И во всю свою мощь хор из сотен глоток в сопровождении оркестра, в котором тоже было не меньше сотни музыкантов, грянул эту песню. Собрался народ, мужчины, женщины, старики. И лица их были не суетные, не куражливые. Такие лица сейчас можно увидеть только на кадрах кинохроники тех лет.
Спели. Дирижер взмахнул тощеватой своей палочкой, и наступила тишина. И снова ведущий спрашивает у того же мужичка — а чего, дескать, еще хочешь. А тот, помаявшись, отвечает:
– Это… Вставай страна огромная, вставай на смертный бой…
И, подчиняясь дирижерской палочке, хор снова грянул этот гимн Великой Отечественной. Мужичок откровенно плакал, вытирая слезы рукавом, и не заплакать вместе с ним было просто невозможно.
*   *   *
Мораль Европы сложилась за триста лет инквизиции, простите, святой инквизиции.

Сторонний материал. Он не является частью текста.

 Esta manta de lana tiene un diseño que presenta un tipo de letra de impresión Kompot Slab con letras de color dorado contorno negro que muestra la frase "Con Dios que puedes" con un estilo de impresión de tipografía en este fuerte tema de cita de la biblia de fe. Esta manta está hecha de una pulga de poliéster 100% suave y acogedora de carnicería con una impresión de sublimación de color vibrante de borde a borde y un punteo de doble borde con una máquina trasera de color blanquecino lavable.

Но среди уютных, вылизанных сквериков и сегодня можно иногда уловить слабый запах горелой человечины. (300 тысяч человек живьем сожгли. Гуманисты, блин, моралисты! Прилично жить учат!)
*   *   *
Вся пропаганда, идеология Запада направлена на создание отчужденности к русским, к России. К войне готовятся. Это ж надо — фашизм разгромили, 30 миллионов жизней положили, а все равно мы для них поганые…
У них перед русскими комплекс превосходства, постепенно переходящий в комплекс неполноценности. Ну что ж, ребята… Попробуйте. Многие пробовали, почему бы и вам еще раз не отметиться на наших просторах? Валяйте, места всем хватит. Да, конечно, после ваших нашествий нас все меньше, но земля наша все плодороднее.
*   *   *
Образование — это наука упрощать и сводить все к уже известному тебе, да и всем остальным тоже.
*   *   *
Есть ли на свете нечто более удивительное, нежели вспыхнувшая спичка? Есть. Это роза, расцветшая на навозной куче.

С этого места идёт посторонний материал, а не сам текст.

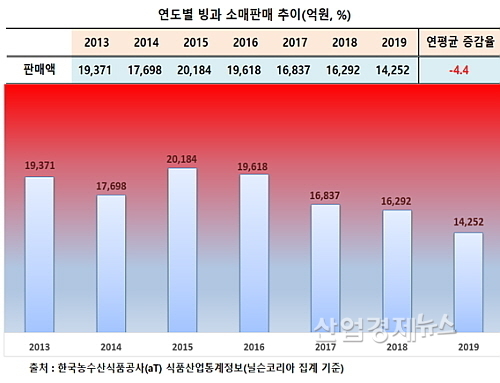 한국농수산식품유통공사(aT) 식품산업통계(aTFIS)에 따르면 소매점 판매 기준 지난해 국내 빙과시장 규모는 1조4252억 원으로 2018년 1조6292억 대비 2040억이 줄어 12.5%나 급감했다.

Если постоянно не думать, где, кому и сколько прогадал, выгадал, где недополучил, а где переплатил… Какой простор для мыслей открывается! Для чувств! Для любви! Для жизни в конце концов!
*   *   *
Спрашиваю как-то у Боярского в электричке:
– А правда, что твою черную шляпу прежде Берия носил?

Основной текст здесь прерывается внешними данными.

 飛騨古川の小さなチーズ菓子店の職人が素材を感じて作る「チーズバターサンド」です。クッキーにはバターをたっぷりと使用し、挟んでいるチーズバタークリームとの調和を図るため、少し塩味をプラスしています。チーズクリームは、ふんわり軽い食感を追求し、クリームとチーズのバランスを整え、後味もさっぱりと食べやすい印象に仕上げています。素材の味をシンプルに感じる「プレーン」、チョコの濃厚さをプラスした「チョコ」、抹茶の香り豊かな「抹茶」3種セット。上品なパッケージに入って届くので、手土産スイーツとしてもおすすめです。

– А как ты догадался? — побледнел артист.
– На некоторых снимках вы с ним в этой шляпе просто неразличимы. Только он на трибуне Мавзолея, а ты вот в этой электричке.
*   *   *
Когда Дом сгорел, вернее, когда Дом покончил собой самосожжением, я увидел робкого замухрышку в драной, прожженной фуфайке с глазами врубелевского Пана, сидящего на обгорелом бревне. И понял — это Домовой.
*   *   *
У русских серьезное отношение к жизни, к смерти, хотя они всегда готовы говорить о чем угодно, посмеиваясь. Не заблуждайтесь — они просто опасаются показаться слишком уж серьезными, слишком уж значительными. А им в телевизионных постановках постоянно подсовывают роли придурков, хохмы, шуточки, пересмешки, дескать, вся их жизнь — хохма…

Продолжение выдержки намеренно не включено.